天使の羽で"Memento Mori"を表現したアートワークも素晴らしい

感想

"Memento Mori"はDave GahanMartin Goreのデュオになって初めてとなる6年ぶり15枚目のスタジオアルバムです。プロデュースはSimian Mobile DiscoJames Ford、ミキシングとエンジニアリングはMarta Salogniが担当し、彼らはクロージングトラック"Speak to Me"にもクレジットされています。また、Martin Goreが手がけた曲の内、4曲がPsychedelic FursRichard Butlerとの共作になっています。
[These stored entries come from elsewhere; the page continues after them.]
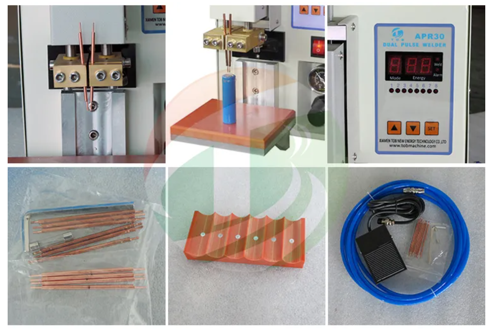 Этот пневматический аппарат для точечной сварки в основном используется для сварки цилиндрических аккумуляторных батарей 18650. Он может сваривать никелевые контакты толщиной от 0,02 до 0,2 мм с хорошим качеством сварки.
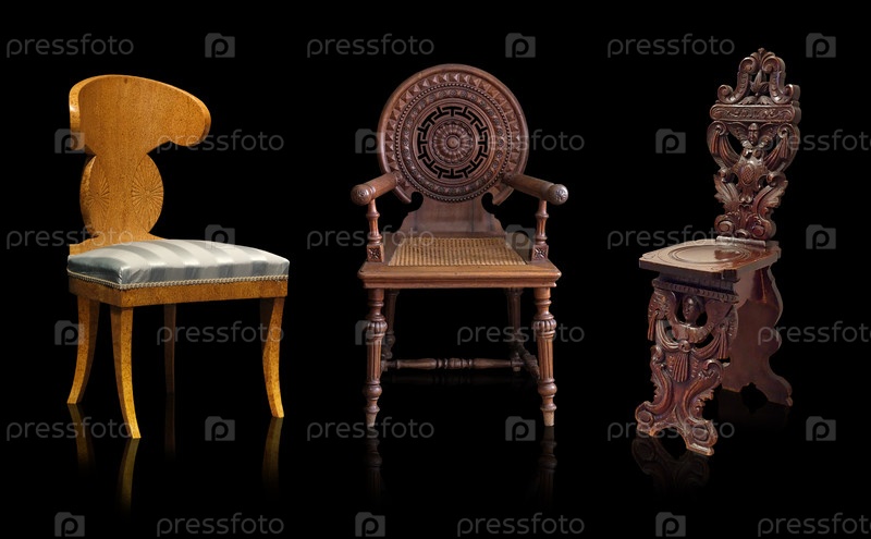 Деревянные стулья изолированы на черном фоне
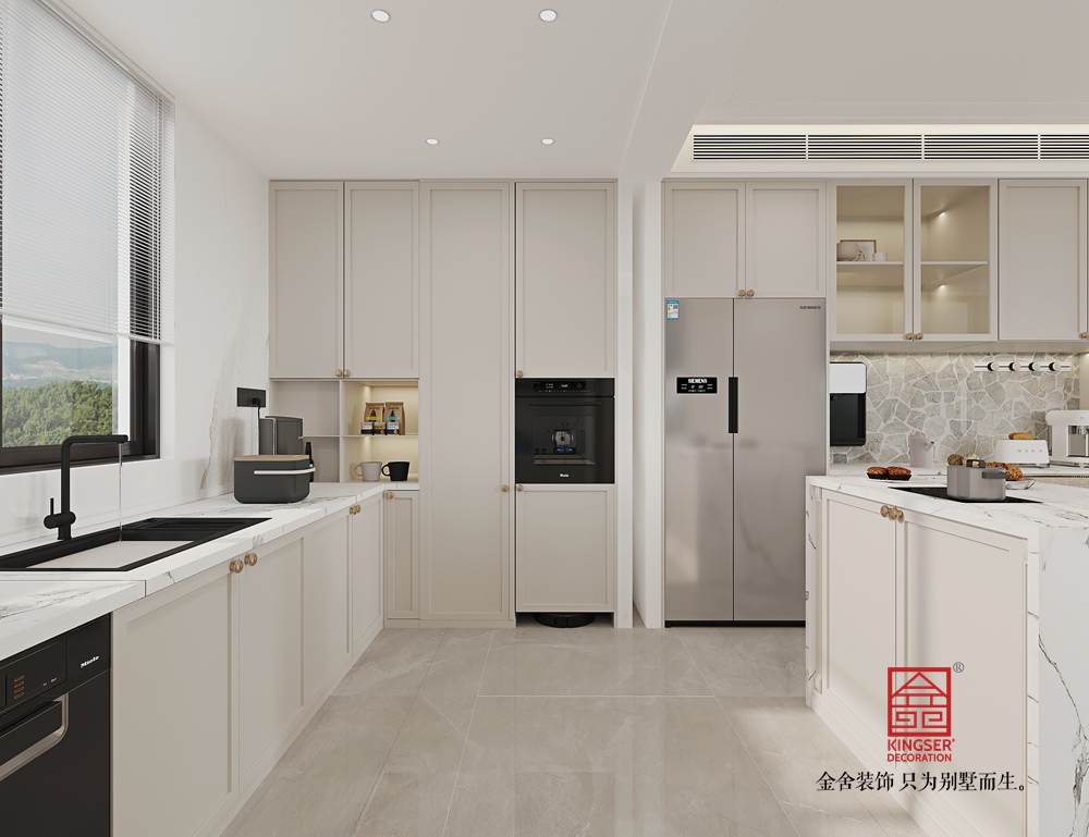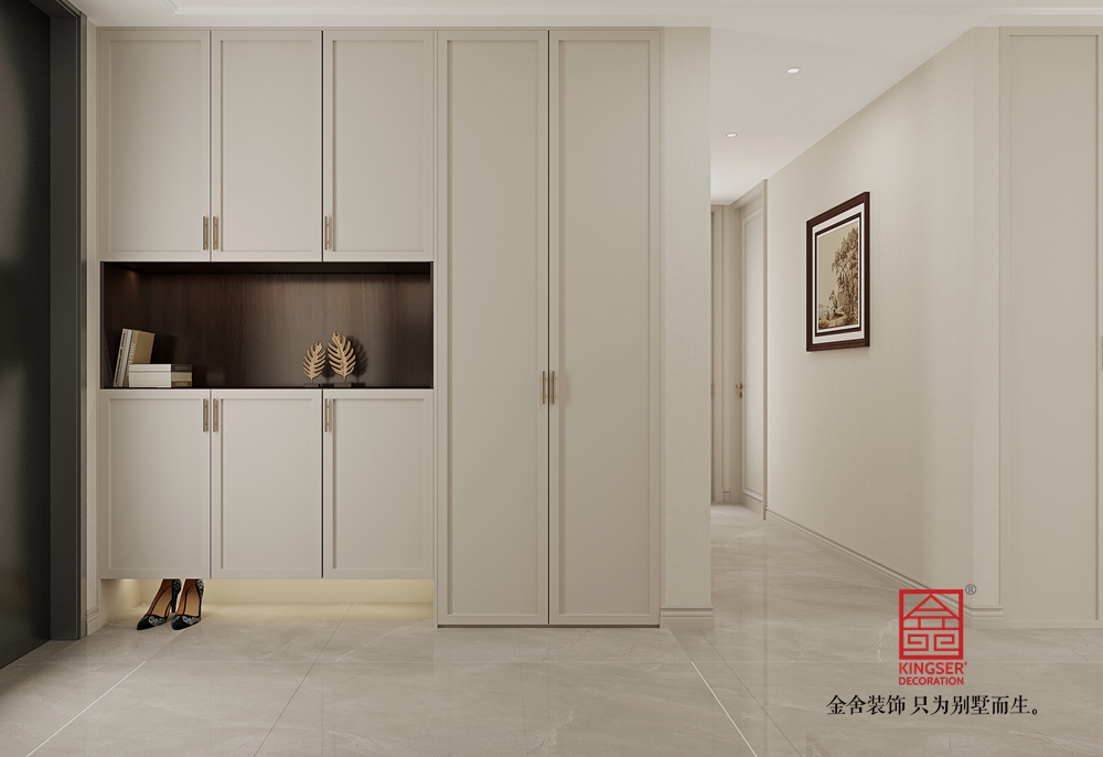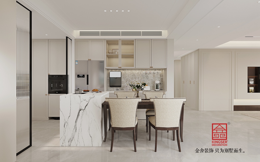 空间以柔和的暖色调为主,墙面的护墙板设计,带有美式风格典型的线条感与立体感,细腻的雕花元素,为空间注入复古韵味,同时又通过简洁的造型,契合现代审美。
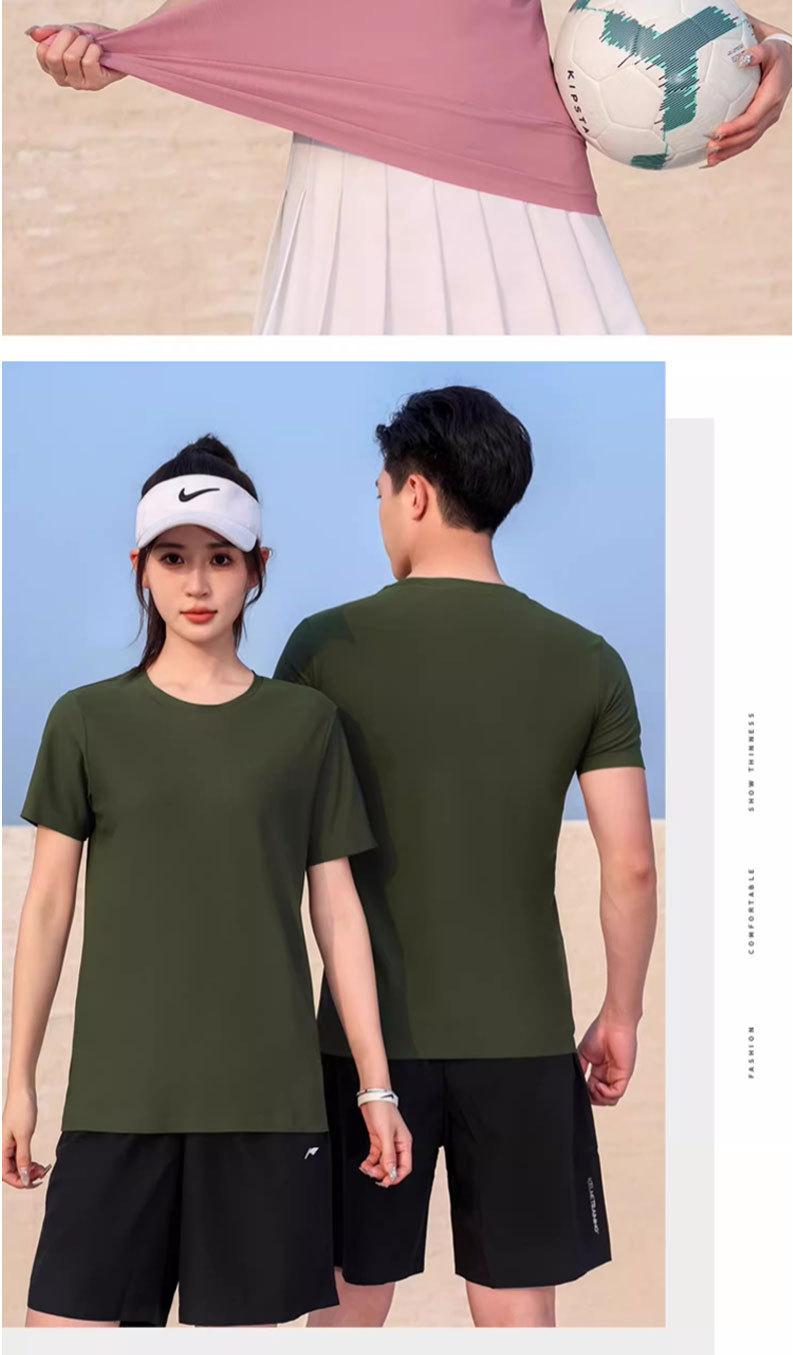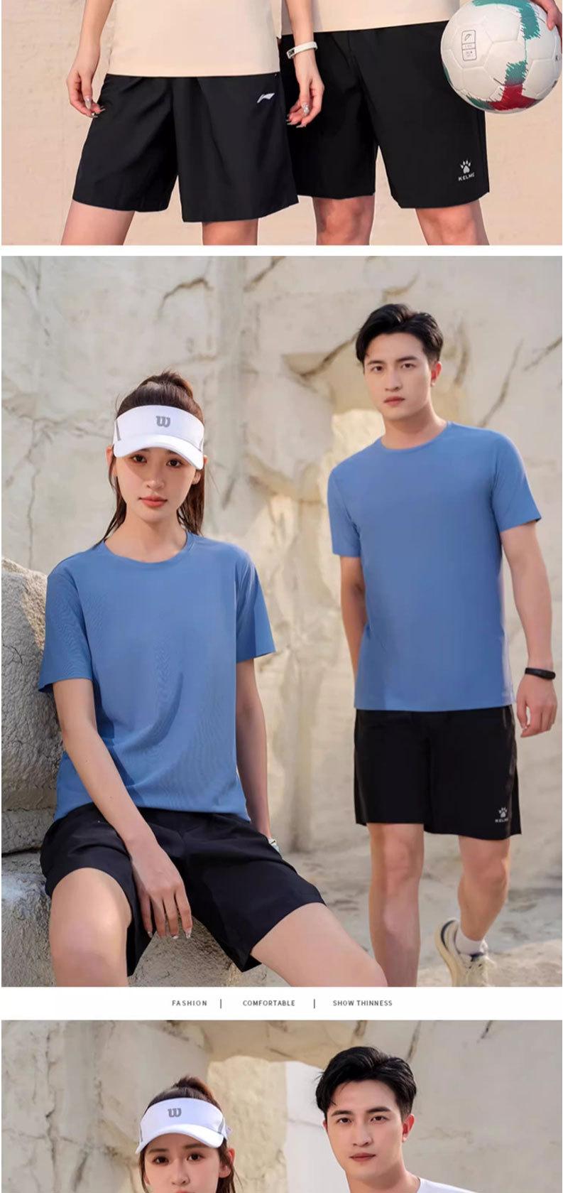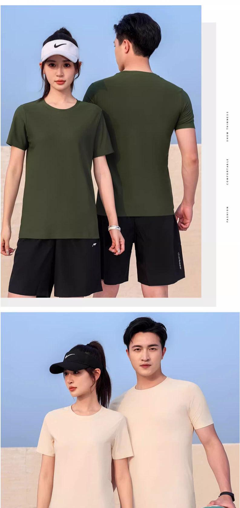 Camiseta de manga corta con cuello redondo y secado rápido, con logotipo personalizado impreso, ideal para deportes al aire libre, correr y hacer ejercicio.

事前に公開されていたのが”Ghosts Again"と"My Cosmos Is Mine"という対極的な2曲だったので、アルバムがどんな感じになっているか期待と不安が半々でしたが、結論としては、この2曲をエンドポイントとして、明と暗のバランスを巧みに取っている楽曲が揃っていて、自己満足に陥らずに彼らの世界観を表現した内容に仕上がっています。

(サウンド的に)明の"Ghosts Again"

(サウンド的に)暗の"My Cosmos Is Mine"

息が詰まりそうなほどに重い"My Cosmos Is Mine"で先行きの不安を煽りつつ、80年代的なシンセサイザーの音を使って、メジャーコードとマイナーコードの間を自在に浮遊する不思議な音感の"Wagging Tongue"、さらに煌びやかな音色で装飾を施した2020年代のエレクトロアンセム"Ghosts Again"と展開する序盤からメリハリが充分に利いていて、アルバム全体への期待が高まります。
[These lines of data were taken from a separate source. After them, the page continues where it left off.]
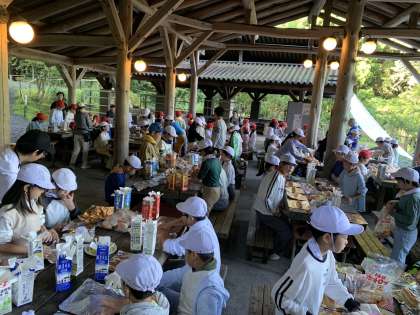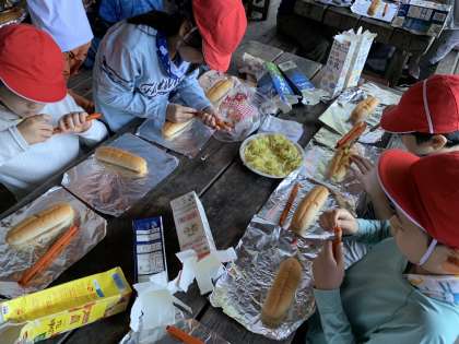 具材をパンに挟んだら、アルミホイルでしっかりと巻き、パックに詰めてかまどで焼きます。
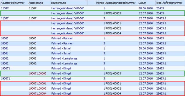 Nachdem die Auswahl der Poolnummern getroffen wurde, wird der Programmbereich "Ausprägung" geöffnet. In diesem werden die Poolnummern bzw. die bereits zugeordneten Komponenten mit Identnummer, gemäß der getroffenen Auswahl, den beiden Produktionsaufträgen zugeordnet.
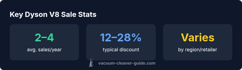 Deal calendars vary by region, but major retailers tend to discount Dyson V8 around Black Friday, post-Christmas sales, and mid-summer promotions. Online marketplaces and department stores may offer exclusive bundles, while brick-and-mortar shops often provide in-store demos alongside incentives. According to Vacuum Cleaner Guide analysis, monitoring price history and using price-tracking tools can help you identify genuine savings rather than stickered promotions.
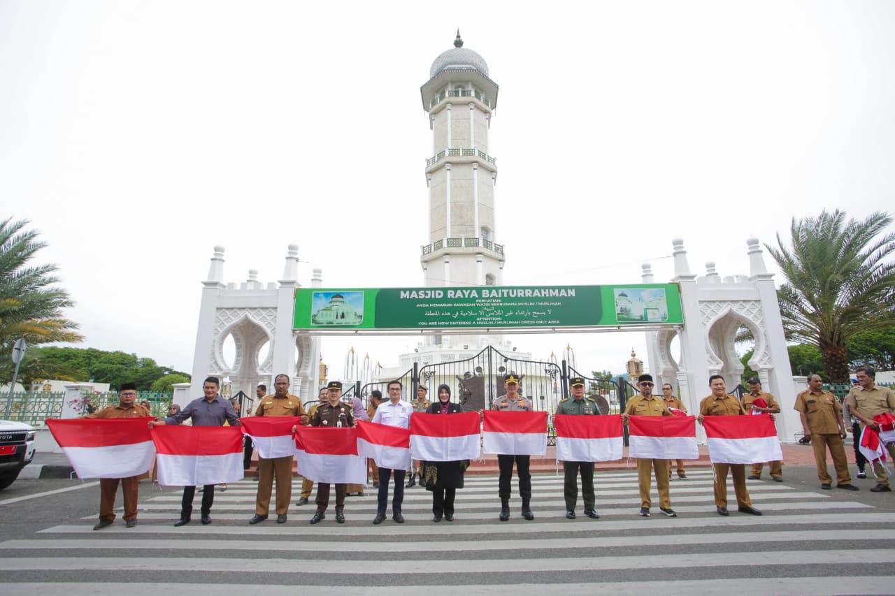 Pembagian sebanyak 500 bendera Merah Putih tersebut berlangsung di depan Masjid Raya Baiturrahman Banda Aceh, Senin, (11/8).
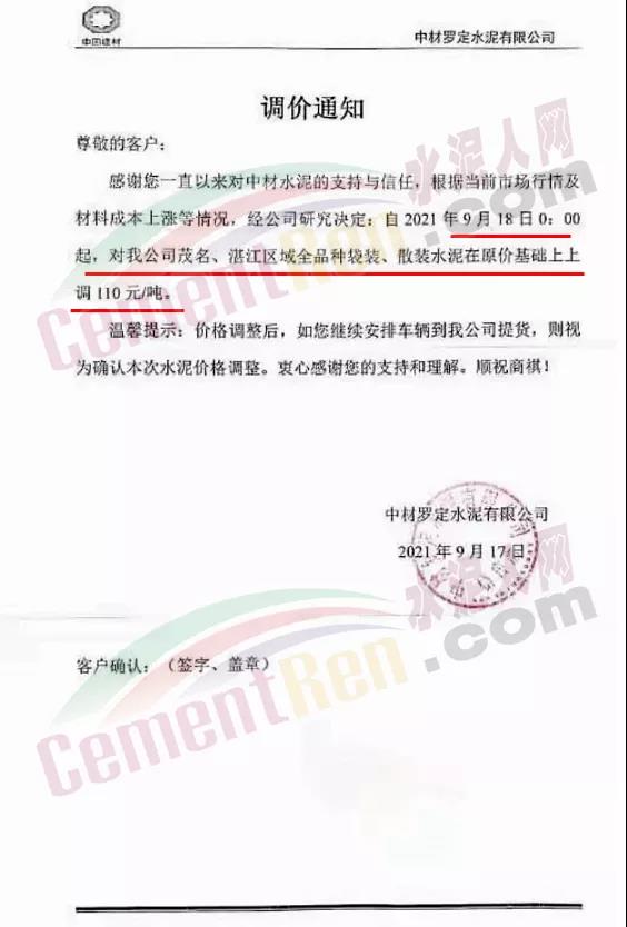 中材羅定水泥有限公司通知,自9月18日0時(shí)起,公司茂名、湛江區(qū)域全品種水泥上調(diào)110元/噸。

その後は、Martin Goreがボーカルを取った現実と夢の間のような雰囲気が漂うエレクトロムーディーポップ"Soul with Me"、レトロ感が漂うメロディとアレンジをバックに歌うDave Gahanの低音ボーカルが魅力的な"Caroline's Monkey"と、変化球を交えながらも"My Favorite Stranger"のような直球も織り交ぜながら進んでいきます。

緩んだ空気が再び引き締まったのは"People Are Good"以降。ここから"Never Let Me Go"までは近年陰を潜めていたエレクトロポップバンドとしての楽曲を繰り出していて、しかも最新バージョンにアップデートされているのも頼もしい限り。そして、クロージングトラックの"Speak to Me"では、光と影をヒンヤリと、しかし情感タップリに歌い上げ、アルバム全体をサマライズ。ここから再び漆黒の"My Cosmos Is Mine"にシームレスに無限ループできます。
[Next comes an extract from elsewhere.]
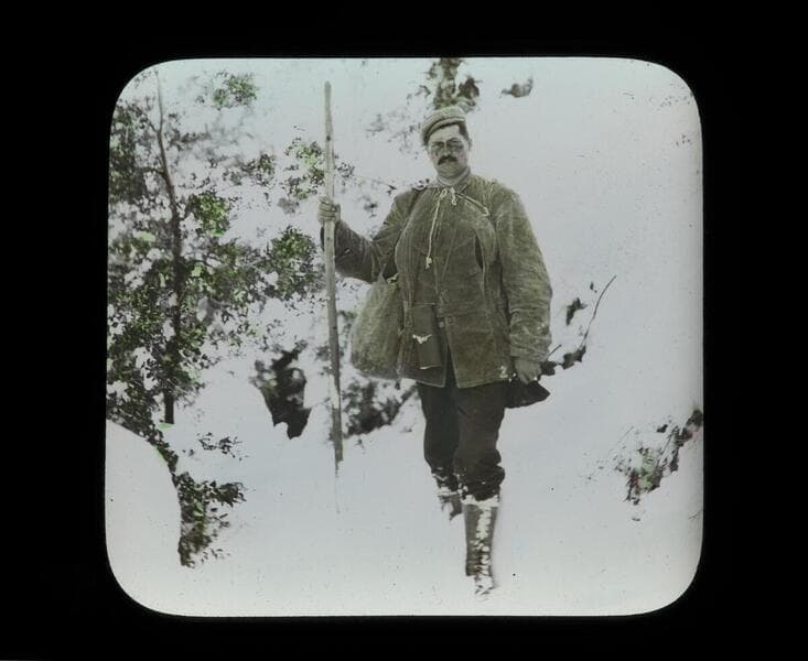 Captain Mueller on the snowy trail from Colby Ranch en route to Switzer's Camp
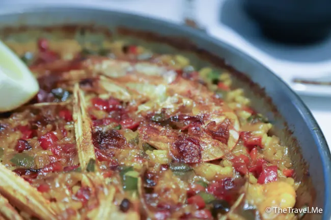 西班牙海鮮飯分量十足,因為海鮮質素極好,飯粒吸滿海鮮的香味,啖啖精彩。

思い入れのあるバンドなのと、Andy Fletcherの死という出来事によって、評価が多少上振れしている気もしますが、この数作ずっと感じていた「コレじゃないんだよな感」が払拭されたのは確か。斬新なサウンドの提案までは至っていないものの、これまでの彼らの楽曲には見られなかった新機軸もあり、過去の遺産と円熟味だけで乗り切った作品とは一線を画しています。

おわりに

最後に来日してから30年以上が経っていますが、2024年春頃には久々となるアジア&オーストラリアツアーを計画しているとか。彼らも既に60歳を過ぎているので、大々的なワールドツアーはこのツアーを最後になるかも知れません。ひょっとしたら彼らもそんな風に考えていて、長らく回っていない国にも行こうとしているのかも…とか考えてしまいます。

3月23日から始まったツアーは、人生の全ての瞬間がフラッシュバックしてきそうなセットリストなので、今回こそ来日してくれないものかと願っています。